Boulotte : S'ils viennent protester ? Vous êtes sûrs qu'ils s'excuseront tous après ?
M. Bastien : Ils ne viendront pas. Ils s'arrangent entre eux... Sois aimable et dis comme eux; apporte-leur des magnums même s'ils n'en commandent pas; sois positive.
Boulotte (ironique) : Et "Exactitude. Rectitude. Plénitude". Remarquez, ça s'ra pas difficile, y a pas beaucoup d'clients.
M. Bastien : Patience. (Regardant l'heure :) 19 h. Ils vont arriver.
Boulotte : Ah bon. Vous êtes sûr ? (Regardant l'ordinateur :) Mais je n'vois plus de réservations...

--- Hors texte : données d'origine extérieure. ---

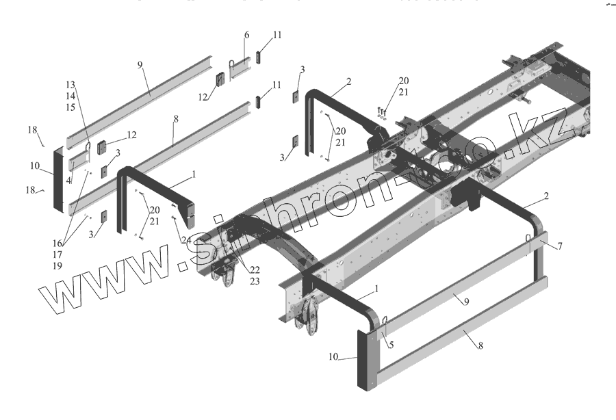Каталог запасных частей к технике: МАЗ-555142. Установка бокового ограждения 555102-2800040
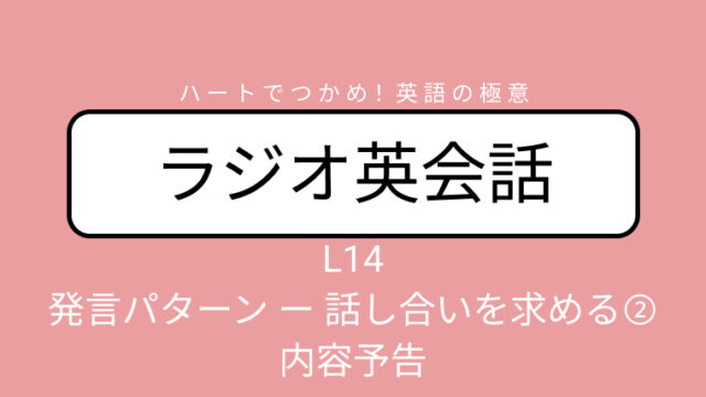 ラジオ英会話 NHKラジオ英会話のディクテーション「発言パターン ー 話し合いを求める② ー 内容予告」L14 2026/4/16 2026年4月16日 ichiroan ディクテーション 講師陣の英会話を書きとり(スクリプト) 大西先生、デイビッドさん、ろーざさんの英会話部分を書きとってみましょう!(大西 …
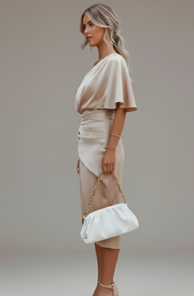 Chic et sculpturale, cette robe midi asymétrique en satin à une épaule présente une manche drapée avec élégance et une jupe portefeuille asymétrique. La taille froncée flatte la silhouette, tandis que la fluidité du satin apporte une touche d'élégance naturelle – idéale pour les soirées ou les dîners chics.
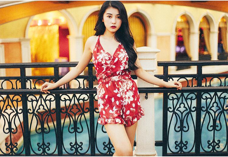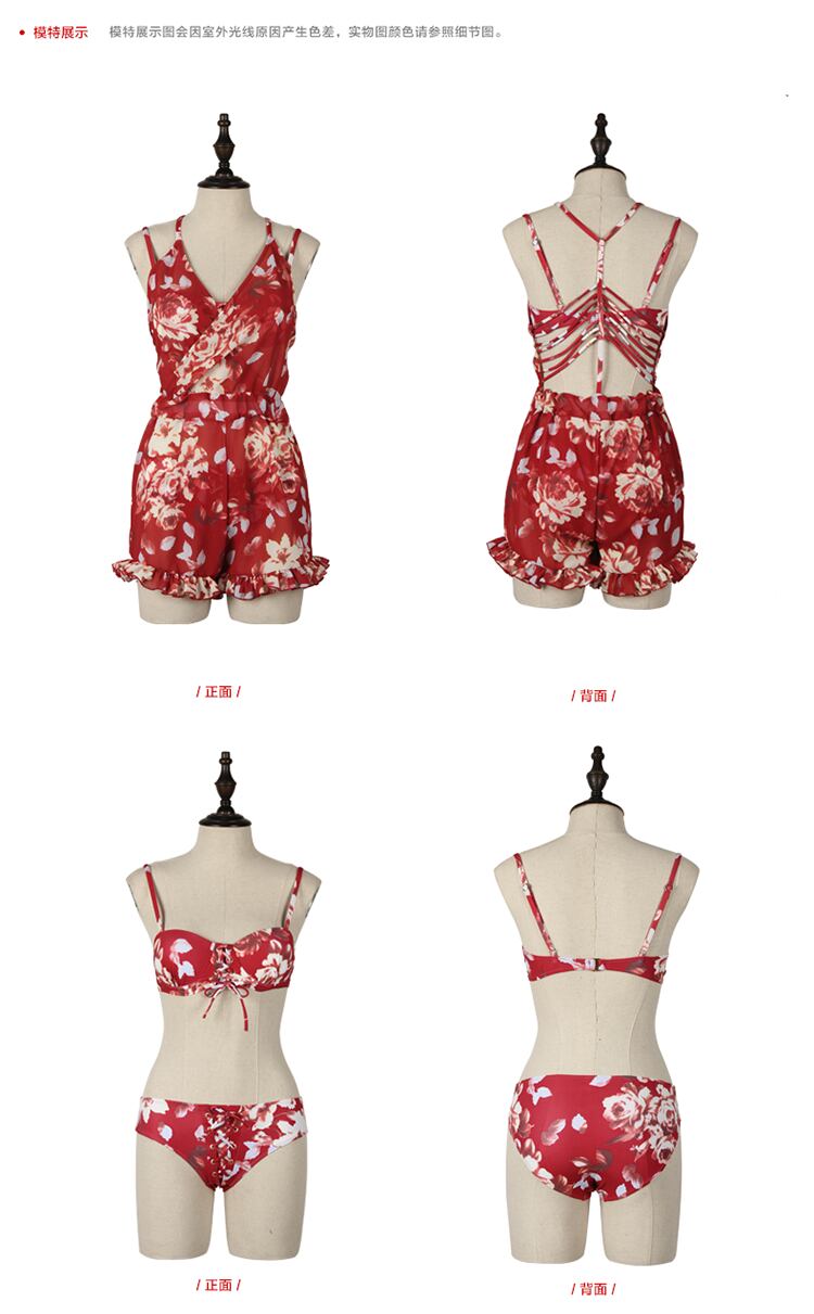ワンピース付き花柄ビキニ ショートパンツ ワンピース 一体型 セクシー レースアップ 3点セット インスタ映え フォトジェニック 海水浴 ナイトプール 夏 海
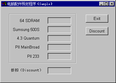 这是一个商品预定程序,所预定的是个人电脑配件。这是一些电脑常用配件名,旁边所列的配件的价格,这些价格来自电脑分销商的远程数据库。分销商将定期更改这些数据库中的价格表。最后的分销商给购买者折扣。与电脑配件不同的是,折扣值的是不公开的,分销商将给予不同的购买用户以不同的折扣,折扣的计算方法是秘密的,并且不断变化。
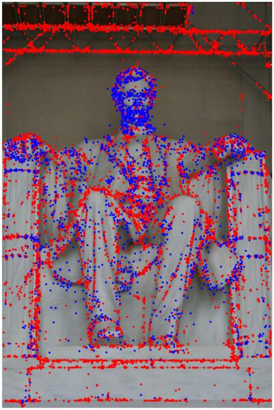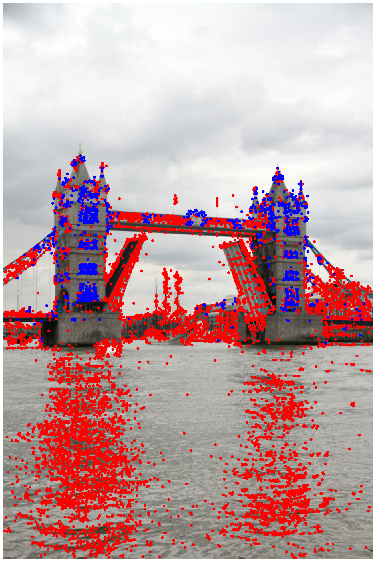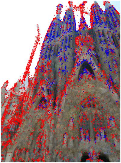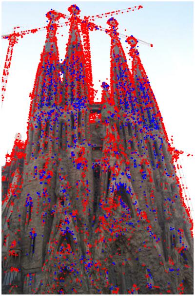 In the multi-view track we reconstruct the scene with Structure-from-Motion (Colmap) with small sets of images. We show the results for one bag of 25 images (displaying: 10). Keypoints are drawn in blue if they are part of the model, and in red otherwise.
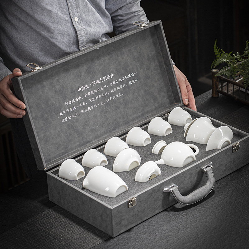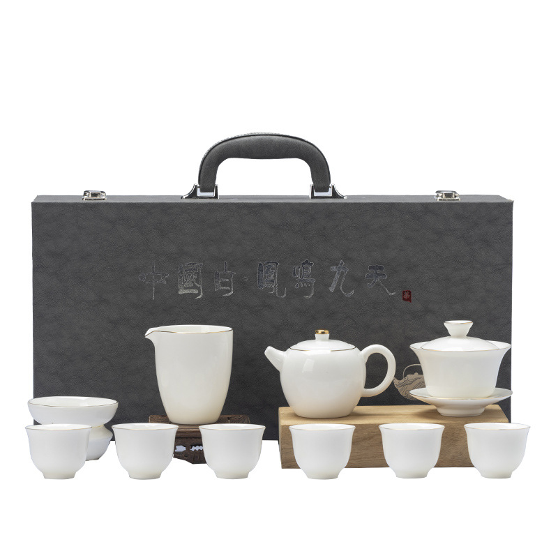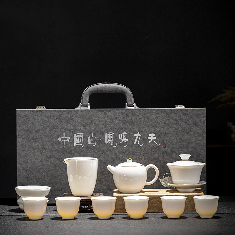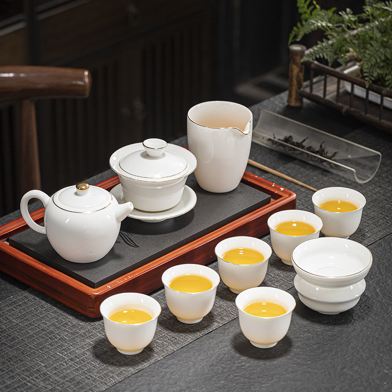Tea set white porcelain ice type household sheep fat jade porcelain kung fu tea set simple Fengming teapot tea cup complete light luxury

M. Bastien : Pas besoin. Les habituées et les habitués je ne les inscris pas. La réservation est là. (Il touche sa tête.) Pas de trace écrite. Pas de paiement par carte. Tout en liquide. Compris ?
Boulotte (étonnée) : Oui.
5. (Entre une belle jeune femme - vêtements chic-mode -, l'air morose.)
M. Bastien : Ooh, quéqu'chose va pas !
Marcelle : On me fait chanter. Je suis victime d'un maître-chanteur.
M. Bastien (inquiet) : La maison courrait un risque ?
Marcelle : Non, c'est un ami de mon mari. Il m'a rencontrée dans la rue alors qu'il était en compagnie d'un de mes anciens clients.
M. Bastien : Aïe. Et le type a bavardé.
Marcelle : La discrétion des hommes... entre hommes... Il savait quéqu'chose pour se donner de l'importance...
(Elle sort des billets de son sac qu'elle donne à M. Bastien.)
Boulotte (mettant les pieds dans le plat) : Vous faites quoi comme métier ?
Marcelle (la toisant, sèchement) : ... Représentante ... pour coiffeurs... Des commentaires ?
M. Bastien (intervenant) : Non, bien sûr que non. Elle remplace Philbert au pied levé.
Marcelle : Et elle... ?
M. Bastien : Ça n'connaît rien de la vie.
(Il lui tend sa clef électronique.)
Marcelle : J'te promets un bon film. N'oublie pas de me donner ma copie, pour une fois elle va vraiment me servir. (Elle se dirige vers la porte de chambre à gauche, entre.)
Boulotte M. Bastien) : Quel film ?
M. Bastien : T'occupe. Garde l'accueil, j'ai du matériel à vérifier. (Il se dirige vers la porte avec l'inscription "Surveillance", entre.
Violette dans le "dortoir" somnole sur sa revue.
Marcelle a jeté son sac sur le lit et marche nerveusement.)
Boulotte : En voilà des mystères. (Seule, à elle-même :) Je vais investiguer. (Elle commence d'ouvrir les tiroirs des meubles de l'accueil.)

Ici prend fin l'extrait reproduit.